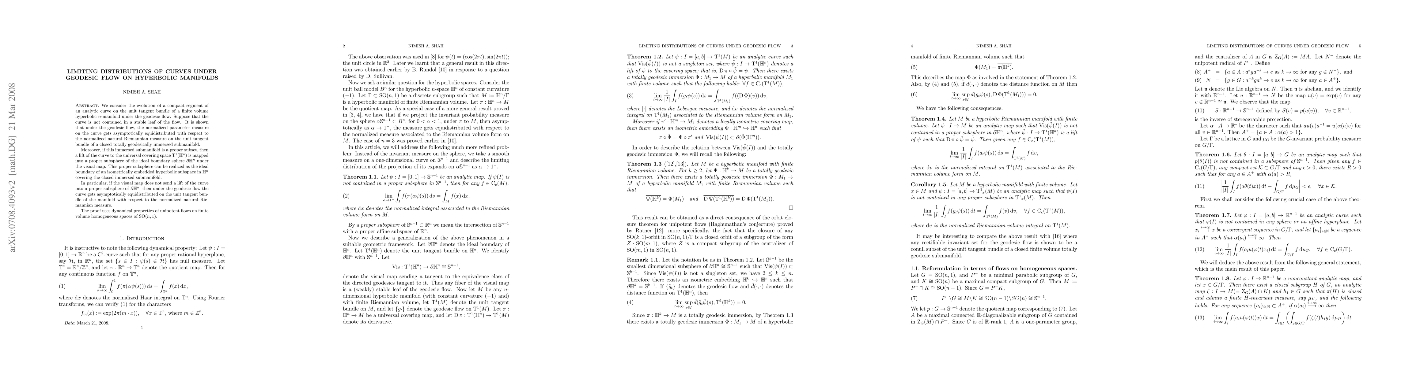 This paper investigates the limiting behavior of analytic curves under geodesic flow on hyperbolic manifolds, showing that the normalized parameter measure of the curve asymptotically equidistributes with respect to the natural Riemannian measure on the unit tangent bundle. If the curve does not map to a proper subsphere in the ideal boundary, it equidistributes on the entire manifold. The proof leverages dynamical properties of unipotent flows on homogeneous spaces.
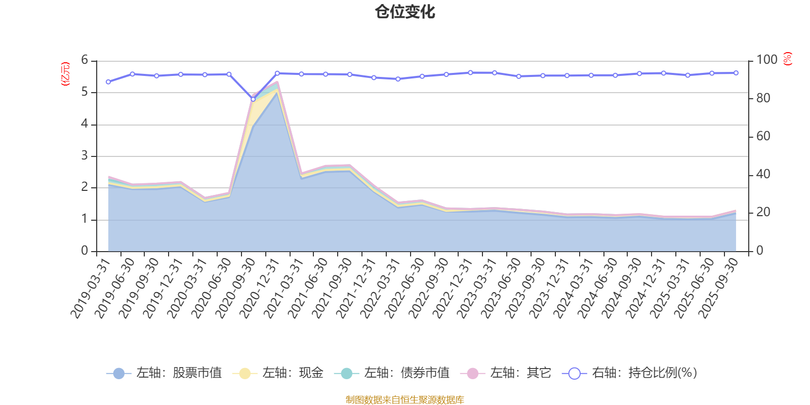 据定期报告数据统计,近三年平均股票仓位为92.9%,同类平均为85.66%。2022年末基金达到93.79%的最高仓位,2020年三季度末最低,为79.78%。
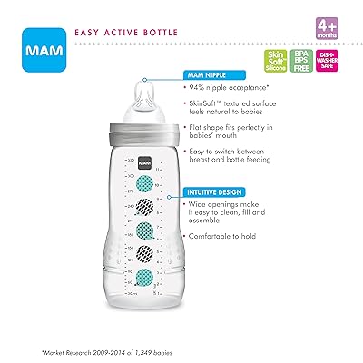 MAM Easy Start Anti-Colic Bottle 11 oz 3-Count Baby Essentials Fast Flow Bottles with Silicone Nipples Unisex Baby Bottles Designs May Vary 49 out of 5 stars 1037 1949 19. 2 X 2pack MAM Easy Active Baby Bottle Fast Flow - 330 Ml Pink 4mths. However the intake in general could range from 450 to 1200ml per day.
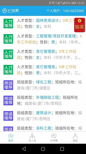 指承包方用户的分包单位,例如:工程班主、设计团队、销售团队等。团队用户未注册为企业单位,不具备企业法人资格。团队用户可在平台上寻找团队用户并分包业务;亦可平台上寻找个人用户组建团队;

...

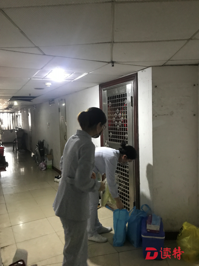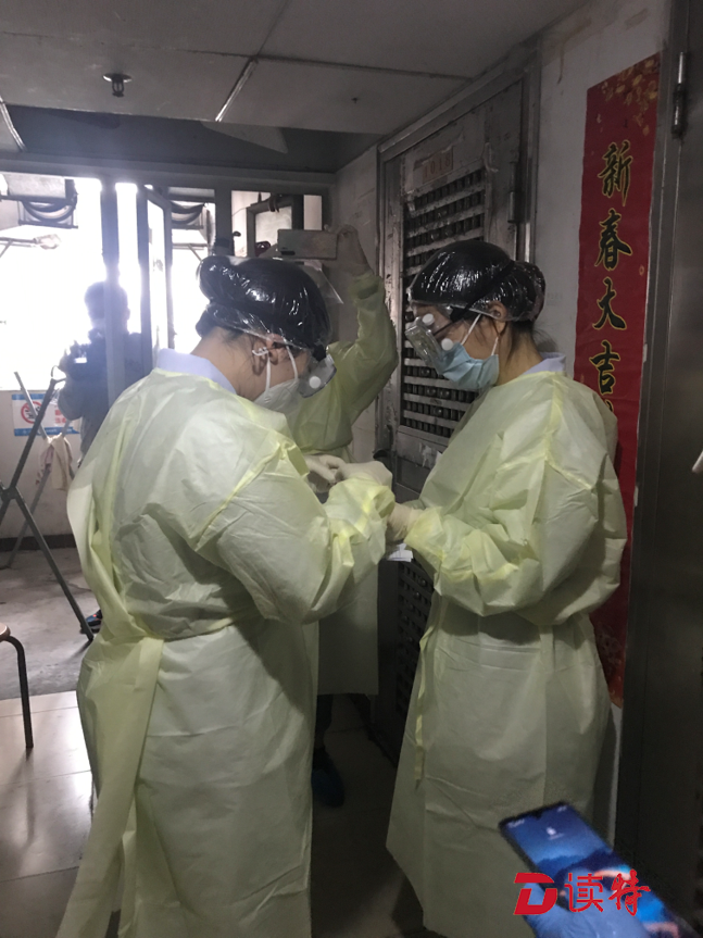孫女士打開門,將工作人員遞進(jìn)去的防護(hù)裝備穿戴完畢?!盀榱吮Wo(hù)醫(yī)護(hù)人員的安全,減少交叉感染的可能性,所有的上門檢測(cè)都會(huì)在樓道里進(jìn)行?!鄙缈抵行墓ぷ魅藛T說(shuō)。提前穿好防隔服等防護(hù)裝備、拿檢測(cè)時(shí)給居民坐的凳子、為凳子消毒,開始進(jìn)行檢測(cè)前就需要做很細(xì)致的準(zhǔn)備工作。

## Requirement
In the listing above, find the line with "MAM Easy Start" and output it and every line after it up to and including the line with "指承包方用户的分包单位,例如", exactly, minus the pictures.

## Answer to the exercise
 MAM Easy Start Anti-Colic Bottle 11 oz 3-Count Baby Essentials Fast Flow Bottles with Silicone Nipples Unisex Baby Bottles Designs May Vary 49 out of 5 stars 1037 1949 19. 2 X 2pack MAM Easy Active Baby Bottle Fast Flow - 330 Ml Pink 4mths. However the intake in general could range from 450 to 1200ml per day.
 指承包方用户的分包单位,例如:工程班主、设计团队、销售团队等。团队用户未注册为企业单位,不具备企业法人资格。团队用户可在平台上寻找团队用户并分包业务;亦可平台上寻找个人用户组建团队;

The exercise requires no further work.